(RECORDED DATA)

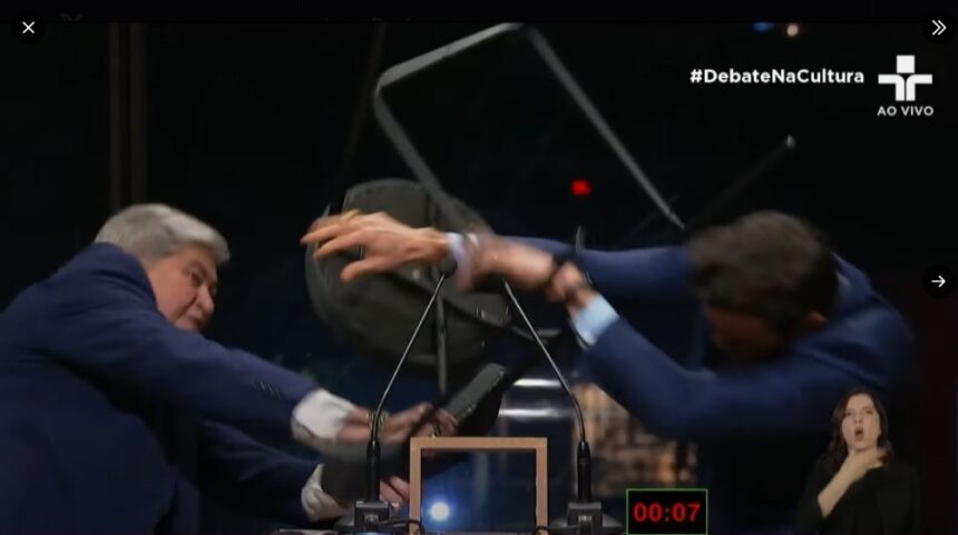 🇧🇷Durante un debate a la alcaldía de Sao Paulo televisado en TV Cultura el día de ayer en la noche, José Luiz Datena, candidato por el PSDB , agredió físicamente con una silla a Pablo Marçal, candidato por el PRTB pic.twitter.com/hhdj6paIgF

(End RECORDED DATA)
(RECORDED DATA)

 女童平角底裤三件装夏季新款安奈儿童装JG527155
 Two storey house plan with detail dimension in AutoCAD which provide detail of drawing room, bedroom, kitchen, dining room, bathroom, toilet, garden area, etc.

(End RECORDED DATA)

The response must hold only the lines above from the line with "女童平角底裤三件装夏季新款安奈儿童装JG527155" through the line with "Two storey house", each copied exactly, both ends kept.

 女童平角底裤三件装夏季新款安奈儿童装JG527155
 Two storey house plan with detail dimension in AutoCAD which provide detail of drawing room, bedroom, kitchen, dining room, bathroom, toilet, garden area, etc.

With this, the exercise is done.